The modern AML system is very similar to contemporary airport security.  It treats everybody like a terrorist, and creates a vast bureaucracy that has never quite proved its worth.  It focuses on suspicious transactions rather than suspicious people.  It fails to profile.

The specific findings in this report are that Britain’s banks aren’t doing anything different now than they were doing 20 years ago with regard to opening accounts for corrupt foreign dictators who stole the wealth of their countries and deposited it in British banks.  All this has happened despite extensive regulations, oversight, and requirements for the British financial sector.

If one of the most advanced countries in the world with a first-class banking system cannot achieve what seems a relatively straightforward task of screening their customers and verifying their source of income, what hope can we possibly have that the banks will be able to identify and report a $10,000 transaction from Habib to Farouk so he can buy explosive materials?
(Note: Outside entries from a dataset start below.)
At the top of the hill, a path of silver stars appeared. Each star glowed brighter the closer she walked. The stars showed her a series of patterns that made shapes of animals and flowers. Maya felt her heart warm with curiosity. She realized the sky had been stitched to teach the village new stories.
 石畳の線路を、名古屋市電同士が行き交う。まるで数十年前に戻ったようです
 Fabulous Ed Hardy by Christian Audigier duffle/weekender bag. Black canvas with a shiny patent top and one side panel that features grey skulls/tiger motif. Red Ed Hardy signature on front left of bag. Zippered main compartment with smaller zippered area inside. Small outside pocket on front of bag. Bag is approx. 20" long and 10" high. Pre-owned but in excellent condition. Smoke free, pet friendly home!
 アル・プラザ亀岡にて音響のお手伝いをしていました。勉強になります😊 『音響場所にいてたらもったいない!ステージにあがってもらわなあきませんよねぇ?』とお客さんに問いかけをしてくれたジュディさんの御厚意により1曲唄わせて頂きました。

The implications of the FSA report reach beyond Great Britain.  Editor Joy Geary of the Australia-based AML Magazine asked, “Does it mean that the AML/CTF framework, as currently in operation globally, is doomed always to fail?” and urged that “The damning contents of the FSA report should lead to a long and hard look at the underlying causes.”

Enough from me.  Here’s an extremely useful article from the above mentioned AML Magazine laying out what makes the FSA report so troublesome:

FSA 2011 Report on banks’ management of high money-laundering risk situations

This report, released recently by the Financial Services Authority (FSA) in the United Kingdom, is simply breathtaking.
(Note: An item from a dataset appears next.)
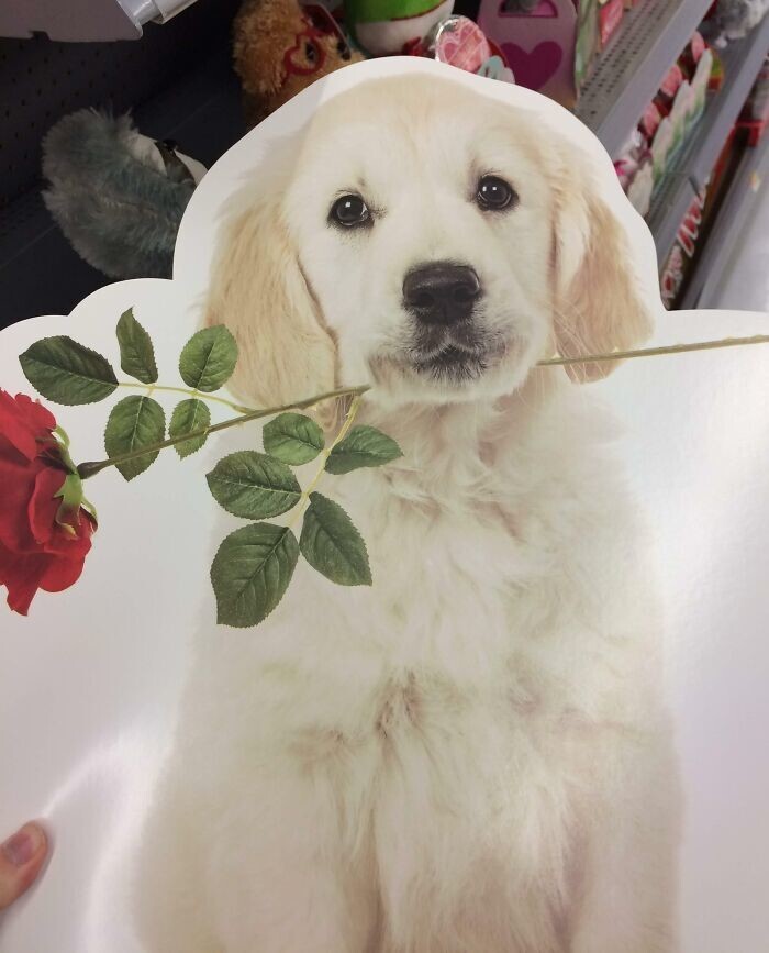 9. На открытке ко Дню всех влюбленных роза проткнула несчастному псу челюсть

The report was commissioned by Philip Robinson shortly before his retirement in 2009 as Head of Financial Crime in the FSA. It describes how banks operating in the UK are managing money-laundering risk in higher risk situations. It focuses in particular on correspondent banking relationships, wire-transfer payments and high-risk customers including politically exposed persons (PEPs). These are wellknown areas of high money-laundering risk; they are not new or evolving methods. Yet the report’s contents are damning and raise challenging questions for both the regulated and the regulator in the UK.
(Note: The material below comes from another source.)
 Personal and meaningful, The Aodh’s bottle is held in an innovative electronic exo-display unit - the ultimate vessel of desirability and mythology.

A little history is important to understand why the report’s contents are so damning. Eleven years ago the FSA took UK financial institutions to task about funds associated with General Sani Abacha, the former President of Nigeria. An FSA investigation focused on the anti-money laundering (AML) controls at 23 banks in the UK where accounts linked to Abacha family members and close associates were identified. The investigation found that 15 of the banks had significant control weaknesses.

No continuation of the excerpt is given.